2025 Year-In-Review

Ilya Sutskever, co-founder of OpenAI, made a striking observation in a recent podcast: "The models seem smarter than their economic impact would imply. This is one of the very confusing things about the models right now." It's a sentiment that perfectly captures the dissonance we've encountered repeatedly this year working with mid-market companies.

The capability of the latest AI is undeniable. Today's frontier models can write nuanced prose, generate working code and analyze complex topics. And yet, translating that capability into measurable business value remains stubbornly elusive. BCG's 2024 analysis of 1,000 C-suite executives found that only 4% of companies have developed AI capabilities that consistently generate substantial value. MIT's NANDA Initiative reported a similarly stark finding: 95% of generative AI pilots fail to deliver measurable returns.

Norwegian Cruise Line's impressive Nora AI, despite significant investment and a strong team, has yet to fully unseat the core booking experience. Marriott's innovation team managed to produce a successful AI copilot to augment their loyalty team, but it took over a year to implement due to data integration challenges. These are real, hard fought wins. But do they add up to five points of margin like many CEOs and boards expect? Not yet. And these outcomes came from companies with dedicated AI teams - a luxury most mid-market companies don't have.

Our entire team at Eskridge has been focused on nothing but this problem for over 2 years, across multiple clients. While we've had our own share of wins, there's clearly significant room for improvement. What follows are the key learnings we've accumulated in 2025 in our pursuit of unlocking AI value for mid-market companies.

Learning 1: Efficiency isn’t the Right Metric.

The most instructive case study of 2025 wasn't a success story - it was Klarna's dramatic reversal. In February 2024, CEO Sebastian Siemiatkowski announced their AI chatbot was "doing the equivalent work of 700 full-time agents," handling 2.3 million conversations monthly. The company announced a hiring freeze. It seemed like the definitive proof point for AI-driven efficiency. By May 2025, Klarna had reversed course entirely. Siemiatkowski told Bloomberg: "As cost unfortunately seems to have been a too predominant evaluation factor when organizing this, what you end up having is lower quality... really investing in the quality of human support is the way of the future for us." 

The lesson here extends well beyond customer service. We've seen this play out firsthand in 2025. We built an agentic AI tool for a client that reduced the time it took to do a particular task from an hour to under 10 minutes. Leadership was elated that they could bolster the bottom line. Yet when we dug further, the time savings was spread across the team and work week in such a way that headcount reduction wasn’t a realistic option. We were able to deliver real time savings, but hard cost savings proved to be elusive. It turns out individual task automation rarely translates to headcount. And ultimately, very few companies ever saved their way to success.

So efficiency isn't the right metric. Then what is? We're seeing more sophisticated companies measure AI success through capability expansion and improved customer outcomes rather than headcount reduction. For example, Gong’s product focuses on improving win rates, and their research suggests that sales reps using AI preparation tools increase their win rates by 26%.
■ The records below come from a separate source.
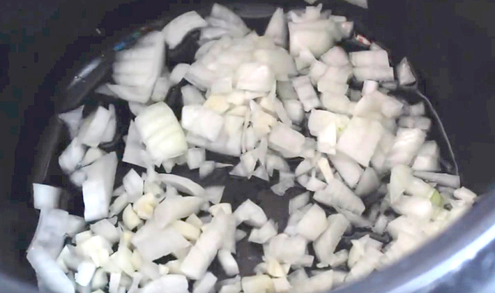 - Versez un peu d'huile dans le bol multicuiseur et mettez les champignons avec les oignons.
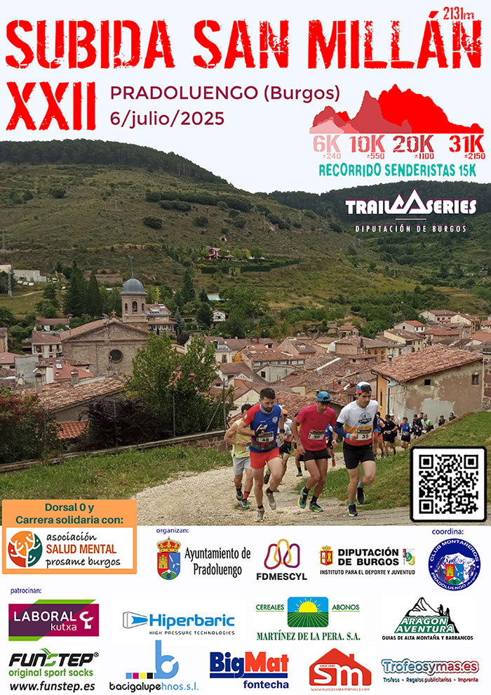 Pradoluengo se convierte este domingo, 6 de julio, en epicentro del trail running con la celebración de la XXII Subida al San Millán, una de las pruebas más emblemáticas del calendario regional. La carrera, organizada por el Club Montañeros de Pradoluengo, es la cuarta prueba puntuable de la III Copa Diputación de Burgos de Trail Series, dentro de las categorías absoluta, sénior y máster, y también forma parte de la XIX Copa de Castilla y León de Carreras en Línea.
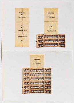 Objektkasten aus Holz, mit drei Flügeltüren. Bestückt mit 117 mit Quellwasser gefüllten Glasfläschchen, jeweils mit Wachs verschlossen und mit beschriftetem Etikett versehen. Mit drei Schlüsseln. Aus einer Auflage von 55 Exemplaren. Mit einer beiliegenden Publikation: Heilrituale an bretonischen Quellen. Auf einem beigegebenen Etikett mit schwarzem Fineliner signiert und nummeriert: Daniel Spoerri, 33/55.
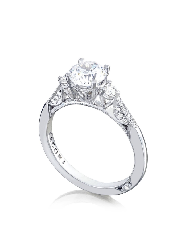 Simply stunning, simply Tacori. Your round center is brought to life by two high-intensity round side stones and diamond Pav™ detailing on the band.
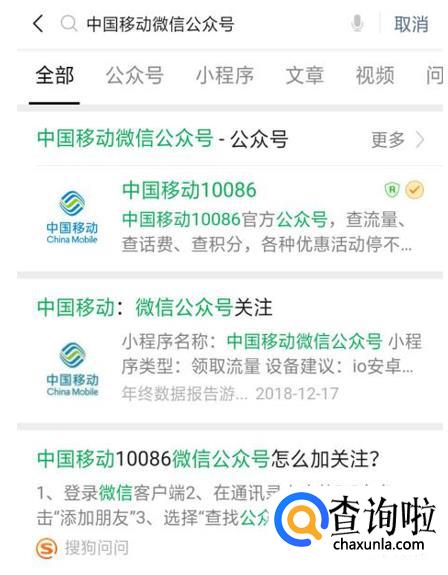 首先先打开我们手机里面的微信软件,然后搜索关注我们当地手机号运营商的微信公众号。

The shift is from "how many people can we replace?" to "what can our people now accomplish that wasn't previously possible?" This includes deeper research to prepare for every prospective customer call, exploring creative concepts at higher fidelity before committing resources, and accelerating time-to-value for customers. These are harder to measure than headcount, but that’s where the real value lies.

Learning 2: Tech Changes Fast. People Change Slow.

One of the major blockers of AI value creation is internal adoption. BCG's analysis confirms what we've observed anecdotally: 70% of AI challenges stem from people and process-related issues. Only 20% trace to technology and just 10% to algorithms. Yet most companies invert their resource allocation, focusing on technology over transformation.

The resistance is real and documented. 45% of CEOs report that employees are resistant or openly hostile to AI adoption. This stems more than mere skepticism about AI’s efficacy - we’ve also observed existential concerns that AI might render certain careers obsolete. One recent blog post titled "I Don't Care How Well Your AI Works" captured this sentiment perfectly: the author wasn't questioning whether the technology functioned, but whether it belonged in their workflow at all.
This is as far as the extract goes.